__Exercise__: Please copy exactly the line that contains "Wetland Restoration Bayside, Selbyville, DE" and every line after it through the end of the records, leaving the pictures out.

(Extracted records Opens)

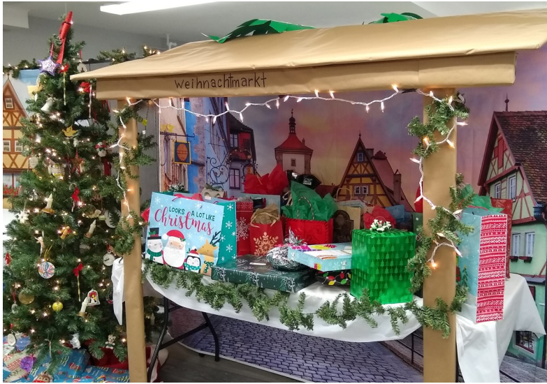
Christmas party - a "German Christmas Market Stall"
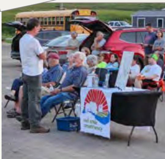
Enjoying the 'Flight of the Chimney Swifts' event

We're constantly working to improve communication within the Owl Creek membership and encourage participation in our events. Through our events, we strive to educate community members about our work and promote conservation.
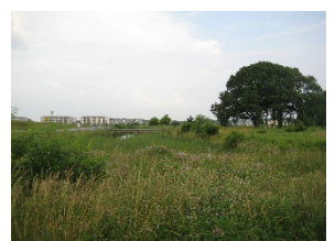
Wetland Restoration Bayside, Selbyville, DE
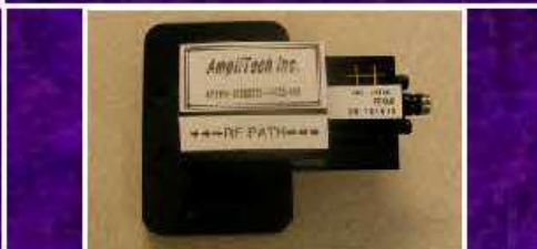
APTW5-07250775-44K20-112 X-Band Waveguide WR-112 SATCOM Low Noise Medium Pwr LNA
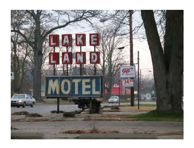
1002 E. Colby, Whitehall Lakeland Motel
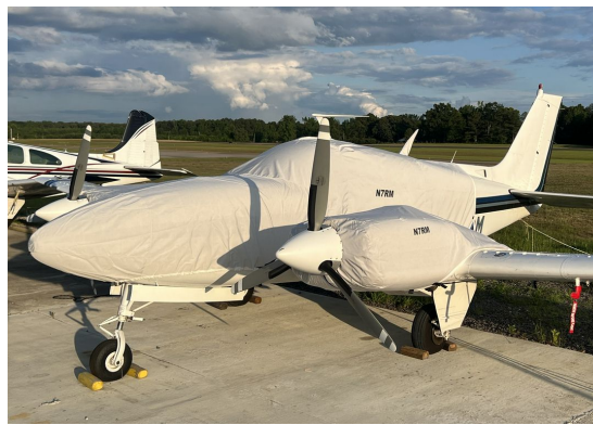
Beech C55 Baron Extended Canopy/Nose Cover, Engine Covers

(Extracted records Closes)

__Solution below__:
Wetland Restoration Bayside, Selbyville, DE
APTW5-07250775-44K20-112 X-Band Waveguide WR-112 SATCOM Low Noise Medium Pwr LNA
1002 E. Colby, Whitehall Lakeland Motel
Beech C55 Baron Extended Canopy/Nose Cover, Engine Covers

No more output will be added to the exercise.